LISTED ENTRIES
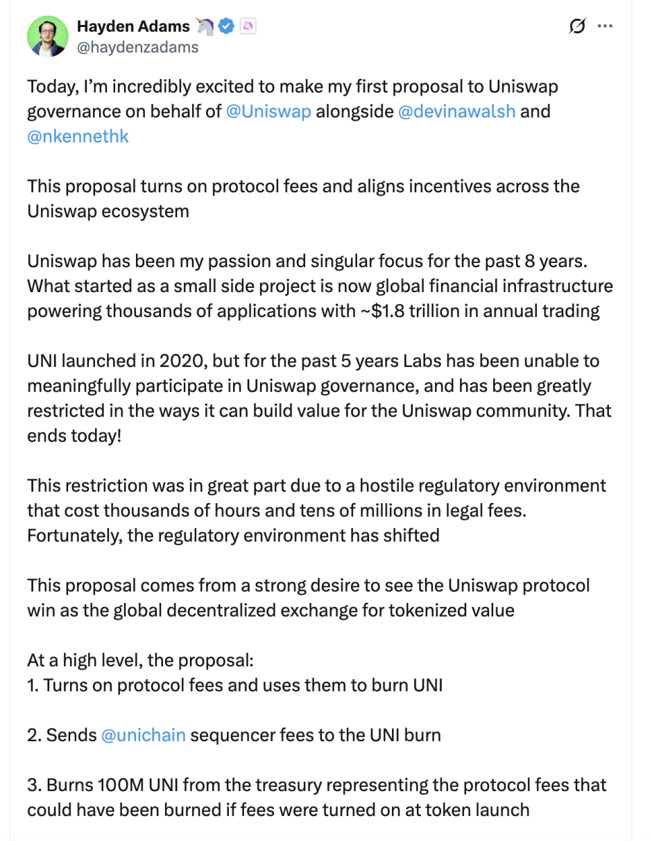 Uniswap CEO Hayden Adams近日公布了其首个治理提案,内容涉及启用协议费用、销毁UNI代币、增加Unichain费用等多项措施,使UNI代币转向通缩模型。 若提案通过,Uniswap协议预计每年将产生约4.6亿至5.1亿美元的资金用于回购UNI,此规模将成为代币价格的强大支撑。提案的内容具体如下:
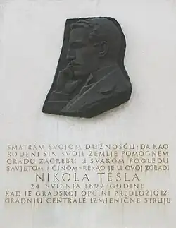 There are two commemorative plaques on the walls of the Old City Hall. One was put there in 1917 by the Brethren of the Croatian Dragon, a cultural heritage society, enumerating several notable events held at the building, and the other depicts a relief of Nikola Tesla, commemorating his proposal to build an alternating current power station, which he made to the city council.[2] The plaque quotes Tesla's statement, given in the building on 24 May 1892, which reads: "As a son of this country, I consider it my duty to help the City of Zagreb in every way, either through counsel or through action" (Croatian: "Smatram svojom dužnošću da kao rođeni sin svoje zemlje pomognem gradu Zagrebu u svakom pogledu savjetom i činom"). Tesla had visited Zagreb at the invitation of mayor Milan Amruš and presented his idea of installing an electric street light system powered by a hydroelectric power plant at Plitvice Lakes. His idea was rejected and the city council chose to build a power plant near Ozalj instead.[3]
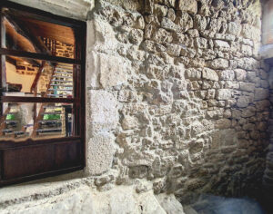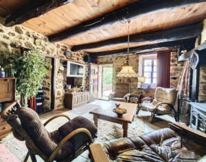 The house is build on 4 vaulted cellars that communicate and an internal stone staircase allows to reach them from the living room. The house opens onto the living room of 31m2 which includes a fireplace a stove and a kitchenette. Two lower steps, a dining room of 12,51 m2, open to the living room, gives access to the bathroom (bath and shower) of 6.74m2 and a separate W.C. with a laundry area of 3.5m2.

* * *

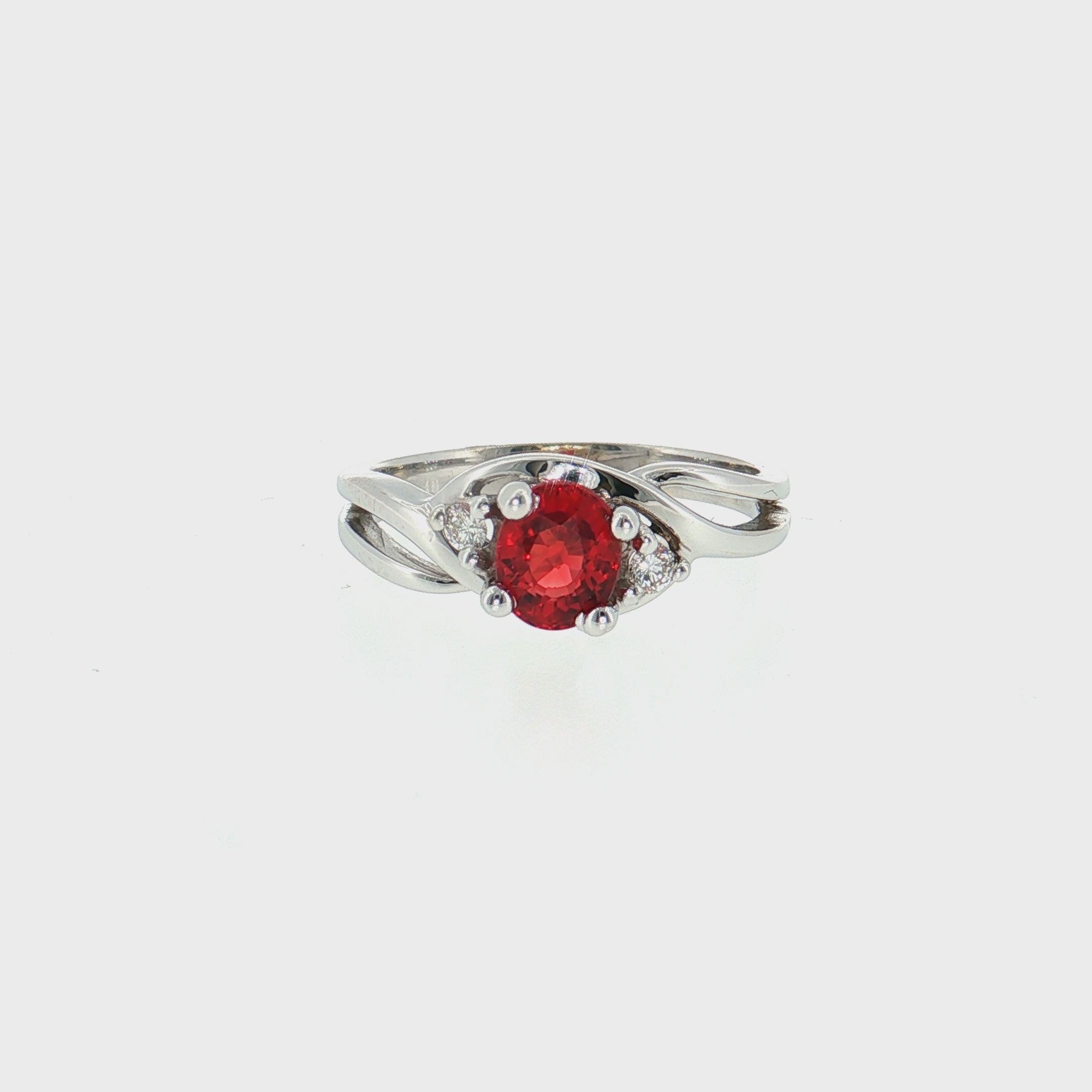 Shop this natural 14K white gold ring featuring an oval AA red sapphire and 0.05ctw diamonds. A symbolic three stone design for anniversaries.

TASK
Extract, without any images, the part of the material above that opens with the line containing "There are two" and closes with the line containing "The house is", both lines included.

OUTPUT FOR THIS TASK
 There are two commemorative plaques on the walls of the Old City Hall. One was put there in 1917 by the Brethren of the Croatian Dragon, a cultural heritage society, enumerating several notable events held at the building, and the other depicts a relief of Nikola Tesla, commemorating his proposal to build an alternating current power station, which he made to the city council.[2] The plaque quotes Tesla's statement, given in the building on 24 May 1892, which reads: "As a son of this country, I consider it my duty to help the City of Zagreb in every way, either through counsel or through action" (Croatian: "Smatram svojom dužnošću da kao rođeni sin svoje zemlje pomognem gradu Zagrebu u svakom pogledu savjetom i činom"). Tesla had visited Zagreb at the invitation of mayor Milan Amruš and presented his idea of installing an electric street light system powered by a hydroelectric power plant at Plitvice Lakes. His idea was rejected and the city council chose to build a power plant near Ozalj instead.[3]
 The house is build on 4 vaulted cellars that communicate and an internal stone staircase allows to reach them from the living room. The house opens onto the living room of 31m2 which includes a fireplace a stove and a kitchenette. Two lower steps, a dining room of 12,51 m2, open to the living room, gives access to the bathroom (bath and shower) of 6.74m2 and a separate W.C. with a laundry area of 3.5m2.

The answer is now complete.